High Probability Complexity Bounds of Trust-Region Stochastic Sequential Quadratic Programming with Heavy-Tailed Noise
This work addresses optimization under heavy-tailed noise, extending analysis to second-order stationarity, which is incremental compared to prior studies focused on light-tailed noise and first-order methods.
The paper tackles nonlinear optimization with stochastic objectives and deterministic constraints by proposing a Trust-Region Stochastic Sequential Quadratic Programming (TR-SSQP) method, establishing high-probability iteration complexity bounds of O(ε^{-2}) for first-order and O(ε^{-3}) for second-order ε-stationary points under heavy-tailed noise conditions.

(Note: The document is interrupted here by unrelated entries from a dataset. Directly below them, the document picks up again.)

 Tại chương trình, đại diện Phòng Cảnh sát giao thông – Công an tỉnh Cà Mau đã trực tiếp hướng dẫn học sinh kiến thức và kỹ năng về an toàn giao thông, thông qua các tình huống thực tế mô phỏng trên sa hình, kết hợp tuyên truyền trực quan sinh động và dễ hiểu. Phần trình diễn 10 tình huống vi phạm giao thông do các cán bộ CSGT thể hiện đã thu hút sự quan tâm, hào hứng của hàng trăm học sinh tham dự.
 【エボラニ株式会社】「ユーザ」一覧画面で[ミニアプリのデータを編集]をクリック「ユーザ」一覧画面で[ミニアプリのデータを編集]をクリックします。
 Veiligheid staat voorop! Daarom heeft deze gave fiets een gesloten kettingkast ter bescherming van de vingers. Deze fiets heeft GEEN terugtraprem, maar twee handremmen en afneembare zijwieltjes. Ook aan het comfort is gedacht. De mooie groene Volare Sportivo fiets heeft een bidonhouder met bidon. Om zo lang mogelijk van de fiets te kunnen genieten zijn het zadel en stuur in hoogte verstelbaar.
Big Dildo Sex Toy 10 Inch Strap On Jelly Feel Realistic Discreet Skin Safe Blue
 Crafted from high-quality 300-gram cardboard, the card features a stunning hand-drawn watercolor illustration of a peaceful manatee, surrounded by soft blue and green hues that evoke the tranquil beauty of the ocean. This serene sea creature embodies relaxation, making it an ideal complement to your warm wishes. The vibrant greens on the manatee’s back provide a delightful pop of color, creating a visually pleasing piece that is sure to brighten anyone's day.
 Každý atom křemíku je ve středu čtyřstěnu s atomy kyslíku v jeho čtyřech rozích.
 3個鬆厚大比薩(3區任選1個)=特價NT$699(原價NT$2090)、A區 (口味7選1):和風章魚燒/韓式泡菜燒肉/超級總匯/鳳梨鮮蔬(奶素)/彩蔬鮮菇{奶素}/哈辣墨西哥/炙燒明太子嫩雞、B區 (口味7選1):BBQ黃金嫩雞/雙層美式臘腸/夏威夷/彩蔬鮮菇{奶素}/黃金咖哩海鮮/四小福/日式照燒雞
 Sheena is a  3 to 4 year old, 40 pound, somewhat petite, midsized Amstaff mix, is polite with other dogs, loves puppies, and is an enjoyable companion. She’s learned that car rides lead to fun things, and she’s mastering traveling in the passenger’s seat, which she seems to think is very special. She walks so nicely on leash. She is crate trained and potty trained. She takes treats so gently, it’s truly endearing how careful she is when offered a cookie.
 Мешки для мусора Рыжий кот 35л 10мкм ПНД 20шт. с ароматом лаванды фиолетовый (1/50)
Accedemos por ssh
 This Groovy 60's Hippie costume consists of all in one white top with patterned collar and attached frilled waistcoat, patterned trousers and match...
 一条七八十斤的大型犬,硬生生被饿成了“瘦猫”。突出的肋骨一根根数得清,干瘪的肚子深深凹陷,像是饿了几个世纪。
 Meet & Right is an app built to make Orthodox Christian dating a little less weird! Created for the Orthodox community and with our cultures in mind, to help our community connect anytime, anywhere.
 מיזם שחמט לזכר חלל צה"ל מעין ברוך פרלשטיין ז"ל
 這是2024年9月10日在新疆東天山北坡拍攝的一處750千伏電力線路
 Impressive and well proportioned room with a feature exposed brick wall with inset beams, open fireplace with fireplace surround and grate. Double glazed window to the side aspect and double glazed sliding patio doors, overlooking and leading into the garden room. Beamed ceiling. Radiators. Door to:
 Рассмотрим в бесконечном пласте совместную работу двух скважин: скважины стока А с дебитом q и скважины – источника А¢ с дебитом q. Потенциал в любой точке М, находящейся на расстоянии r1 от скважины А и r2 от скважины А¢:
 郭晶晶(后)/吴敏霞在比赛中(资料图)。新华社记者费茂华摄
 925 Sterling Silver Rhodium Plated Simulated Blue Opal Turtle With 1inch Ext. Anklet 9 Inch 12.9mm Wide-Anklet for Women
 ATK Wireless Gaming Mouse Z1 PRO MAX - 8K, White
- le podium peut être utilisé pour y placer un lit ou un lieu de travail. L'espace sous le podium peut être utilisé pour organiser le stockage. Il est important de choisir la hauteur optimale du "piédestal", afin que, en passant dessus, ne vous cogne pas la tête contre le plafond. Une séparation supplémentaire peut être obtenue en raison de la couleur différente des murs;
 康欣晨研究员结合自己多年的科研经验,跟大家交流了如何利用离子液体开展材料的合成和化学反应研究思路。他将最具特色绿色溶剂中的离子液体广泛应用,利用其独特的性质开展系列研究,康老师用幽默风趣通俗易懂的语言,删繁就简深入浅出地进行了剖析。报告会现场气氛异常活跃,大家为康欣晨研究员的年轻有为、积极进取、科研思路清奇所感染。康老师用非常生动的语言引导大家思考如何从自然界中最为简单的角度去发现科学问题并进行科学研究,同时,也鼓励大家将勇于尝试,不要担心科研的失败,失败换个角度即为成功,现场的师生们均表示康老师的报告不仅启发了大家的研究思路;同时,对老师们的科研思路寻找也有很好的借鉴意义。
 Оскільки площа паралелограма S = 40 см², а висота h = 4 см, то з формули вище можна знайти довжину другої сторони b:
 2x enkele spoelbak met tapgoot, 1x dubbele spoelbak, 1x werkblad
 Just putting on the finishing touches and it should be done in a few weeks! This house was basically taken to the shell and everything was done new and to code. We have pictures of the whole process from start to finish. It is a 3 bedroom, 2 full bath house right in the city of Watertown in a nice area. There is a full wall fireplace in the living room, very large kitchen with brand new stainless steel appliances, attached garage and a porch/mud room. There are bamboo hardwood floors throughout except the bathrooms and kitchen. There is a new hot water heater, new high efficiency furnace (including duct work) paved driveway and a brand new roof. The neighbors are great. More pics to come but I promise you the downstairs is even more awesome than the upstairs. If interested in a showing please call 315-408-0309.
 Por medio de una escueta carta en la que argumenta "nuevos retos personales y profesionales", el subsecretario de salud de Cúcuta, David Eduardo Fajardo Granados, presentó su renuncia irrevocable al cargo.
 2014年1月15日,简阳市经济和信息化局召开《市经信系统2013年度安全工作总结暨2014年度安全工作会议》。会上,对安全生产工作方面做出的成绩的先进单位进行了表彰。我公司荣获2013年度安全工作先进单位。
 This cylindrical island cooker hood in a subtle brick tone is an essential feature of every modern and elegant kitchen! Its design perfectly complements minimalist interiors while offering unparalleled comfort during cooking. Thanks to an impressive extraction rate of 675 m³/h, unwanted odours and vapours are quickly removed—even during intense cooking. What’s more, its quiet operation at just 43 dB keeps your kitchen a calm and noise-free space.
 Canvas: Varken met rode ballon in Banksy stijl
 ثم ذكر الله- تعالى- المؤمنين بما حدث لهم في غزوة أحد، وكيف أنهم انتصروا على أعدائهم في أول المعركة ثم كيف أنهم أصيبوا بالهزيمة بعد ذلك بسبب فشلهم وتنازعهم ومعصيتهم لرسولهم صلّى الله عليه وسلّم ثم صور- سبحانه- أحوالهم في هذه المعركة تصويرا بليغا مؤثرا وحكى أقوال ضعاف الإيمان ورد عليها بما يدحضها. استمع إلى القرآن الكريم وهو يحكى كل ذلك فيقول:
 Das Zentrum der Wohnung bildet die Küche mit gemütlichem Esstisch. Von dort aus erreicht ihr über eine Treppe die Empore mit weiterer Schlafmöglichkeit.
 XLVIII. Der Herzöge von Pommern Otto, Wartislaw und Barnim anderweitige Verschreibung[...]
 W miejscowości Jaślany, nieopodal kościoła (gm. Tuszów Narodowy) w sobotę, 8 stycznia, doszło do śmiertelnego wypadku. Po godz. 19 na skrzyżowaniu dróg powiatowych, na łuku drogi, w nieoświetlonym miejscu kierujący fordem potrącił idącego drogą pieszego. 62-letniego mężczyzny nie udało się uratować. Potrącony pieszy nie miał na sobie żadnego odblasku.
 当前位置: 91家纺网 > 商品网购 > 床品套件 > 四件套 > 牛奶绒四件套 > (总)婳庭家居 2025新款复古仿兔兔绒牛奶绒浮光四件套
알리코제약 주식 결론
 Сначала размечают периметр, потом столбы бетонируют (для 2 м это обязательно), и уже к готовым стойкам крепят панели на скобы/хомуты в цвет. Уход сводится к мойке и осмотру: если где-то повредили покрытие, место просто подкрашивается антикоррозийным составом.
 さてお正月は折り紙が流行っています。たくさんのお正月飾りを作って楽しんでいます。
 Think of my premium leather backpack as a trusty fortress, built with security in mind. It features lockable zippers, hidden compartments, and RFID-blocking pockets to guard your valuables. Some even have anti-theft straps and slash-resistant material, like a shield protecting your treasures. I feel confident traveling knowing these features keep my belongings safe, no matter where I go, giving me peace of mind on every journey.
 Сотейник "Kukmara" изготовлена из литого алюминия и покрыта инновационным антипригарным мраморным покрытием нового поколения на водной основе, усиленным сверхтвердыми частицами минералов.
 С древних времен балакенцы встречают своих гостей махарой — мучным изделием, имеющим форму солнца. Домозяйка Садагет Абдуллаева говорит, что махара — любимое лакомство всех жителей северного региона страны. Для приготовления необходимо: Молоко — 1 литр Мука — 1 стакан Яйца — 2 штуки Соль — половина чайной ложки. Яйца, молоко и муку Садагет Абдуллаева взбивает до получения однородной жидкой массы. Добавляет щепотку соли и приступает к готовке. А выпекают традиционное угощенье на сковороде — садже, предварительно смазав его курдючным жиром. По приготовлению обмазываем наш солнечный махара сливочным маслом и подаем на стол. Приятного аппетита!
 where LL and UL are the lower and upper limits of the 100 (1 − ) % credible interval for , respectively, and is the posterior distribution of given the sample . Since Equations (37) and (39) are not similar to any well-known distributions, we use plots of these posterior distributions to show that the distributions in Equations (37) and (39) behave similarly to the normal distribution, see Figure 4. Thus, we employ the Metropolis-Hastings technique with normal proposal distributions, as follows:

In this paper, we consider nonlinear optimization problems with a stochastic objective and deterministic equality constraints. We propose a Trust-Region Stochastic Sequential Quadratic Programming (TR-SSQP) method and establish its high-probability iteration complexity bounds for identifying first- and second-order $ε$-stationary points. In our algorithm, we assume that exact objective values, gradients, and Hessians are not directly accessible but can be estimated via zeroth-, first-, and second-order probabilistic oracles. Compared to existing complexity studies of SSQP methods that rely on a zeroth-order oracle with sub-exponential tail noise (i.e., light-tailed) and focus mostly on first-order stationarity, our analysis accommodates irreducible and heavy-tailed noise in the zeroth-order oracle and significantly extends the analysis to second-order stationarity. We show that under heavy-tailed noise conditions, our SSQP method achieves the same high-probability first-order iteration complexity bounds as in the light-tailed noise setting, while further exhibiting promising second-order iteration complexity bounds. Specifically, the method identifies a first-order $ε$-stationary point in $\mathcal{O}(ε^{-2})$ iterations and a second-order $ε$-stationary point in $\mathcal{O}(ε^{-3})$ iterations with high probability, provided that $ε$ is lower bounded by a constant determined by the irreducible noise level in estimation. We validate our theoretical findings and evaluate the practical performance of our method on CUTEst benchmark test set.